Task details: Every line below needs to be printed again exactly, without any of its pictures.

Materials provided:
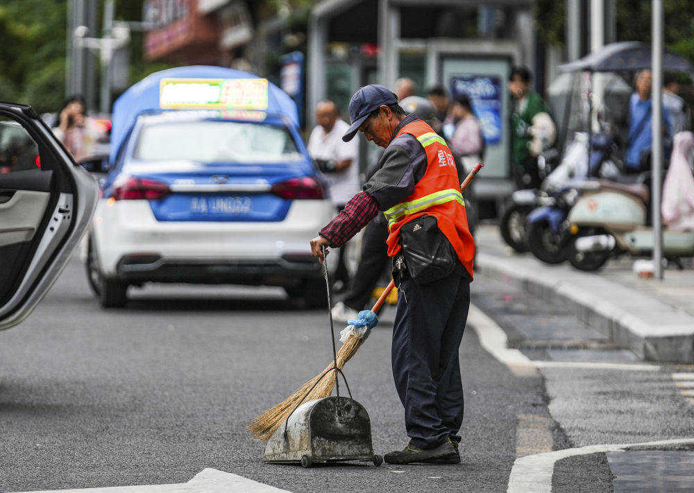 ↑ 10月2日,环卫工人在贵州省贵阳市云岩区尚礼路清扫路面。新华社记者 陶亮 摄
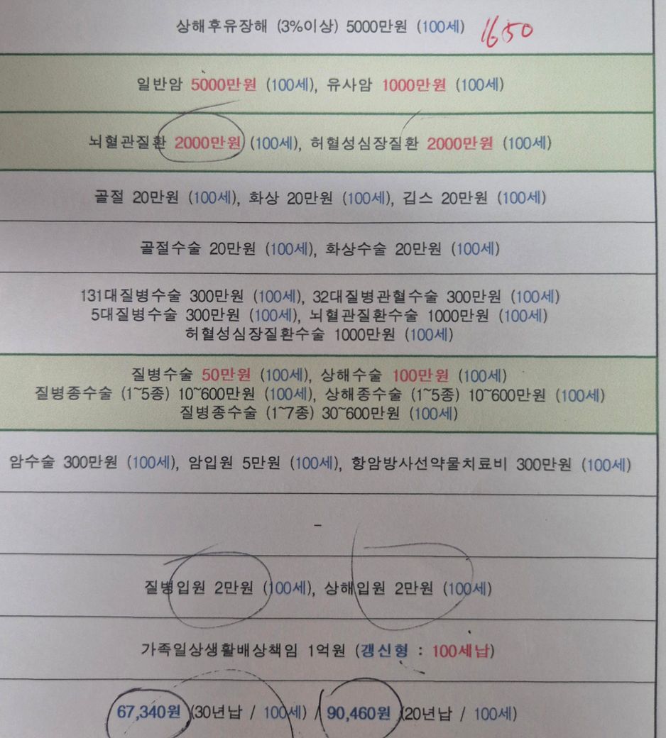 결론은 수술비, 뇌 등은 다 좋은데 입원비가 빠진 것은 부족한 상품입니다.
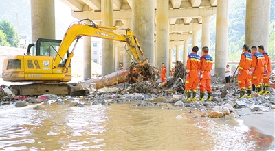 图为7月21日,救援人员在陕西柞水高速公路桥梁垮塌下游河道进行搜救。
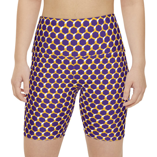 Women's Workout Shorts - Purple/Gold Hex
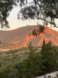 The terrace surrounds the property on the south, west, and north sides, allowing for different outdoor areas. South-facing with partial sea views, west-facing with mountain and pool views, and north-facing with mountain views. Includes parking space and storage room.
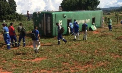 Um ônibus que levava cerca de 40 trabalhadores liberados mais cedo por causa do jogo do Brasil pela Copa do Mundo tombou na GO-338 e deixou...
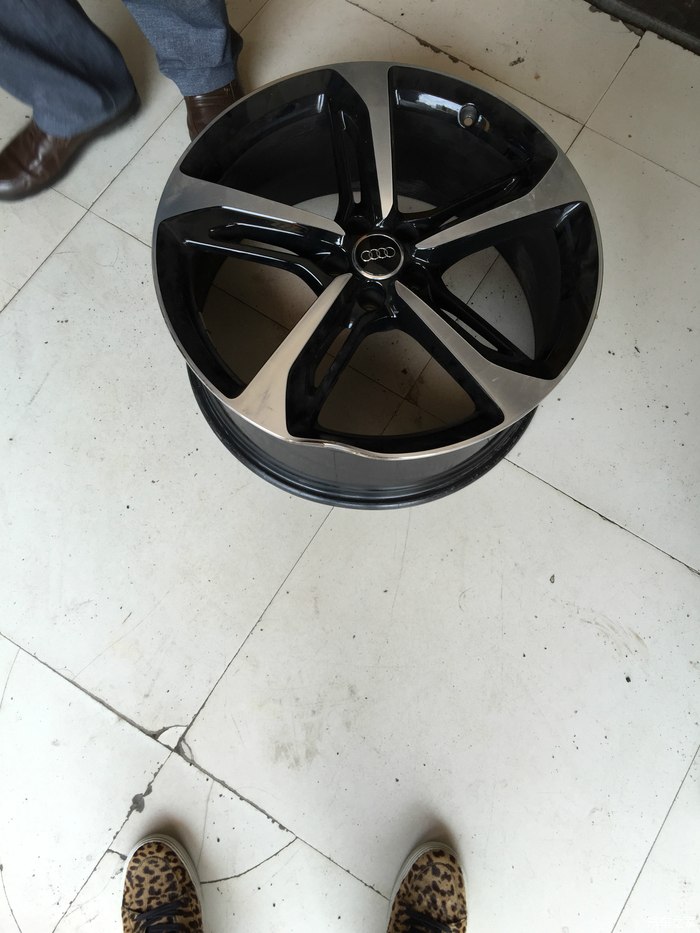 我的一个不小心,90左右的速度在郊区过了一个小坑,就这样了。在此提醒即将买车的朋友,选这个轮毂,首先要考虑自己城市的路况和使用范围了。30的轮胎壁实在太薄了,比458原配的21寸轮毂胎还薄,跟大牛一样了。通过性太差。 4S店的这个轮毂还没存货,我是运气好,当时全国唯一的一支囤货在长春,被我找到。价格不用说,黑的要死,最无语的是这个轮毂居然不是锻造的。哎。。。搞得我现在好想换掉,可是又不舍得。。。

Response area:
 ↑ 10月2日,环卫工人在贵州省贵阳市云岩区尚礼路清扫路面。新华社记者 陶亮 摄
 결론은 수술비, 뇌 등은 다 좋은데 입원비가 빠진 것은 부족한 상품입니다.
 图为7月21日,救援人员在陕西柞水高速公路桥梁垮塌下游河道进行搜救。
 Women's Workout Shorts - Purple/Gold Hex
 The terrace surrounds the property on the south, west, and north sides, allowing for different outdoor areas. South-facing with partial sea views, west-facing with mountain and pool views, and north-facing with mountain views. Includes parking space and storage room.
 Um ônibus que levava cerca de 40 trabalhadores liberados mais cedo por causa do jogo do Brasil pela Copa do Mundo tombou na GO-338 e deixou...
 我的一个不小心,90左右的速度在郊区过了一个小坑,就这样了。在此提醒即将买车的朋友,选这个轮毂,首先要考虑自己城市的路况和使用范围了。30的轮胎壁实在太薄了,比458原配的21寸轮毂胎还薄,跟大牛一样了。通过性太差。 4S店的这个轮毂还没存货,我是运气好,当时全国唯一的一支囤货在长春,被我找到。价格不用说,黑的要死,最无语的是这个轮毂居然不是锻造的。哎。。。搞得我现在好想换掉,可是又不舍得。。。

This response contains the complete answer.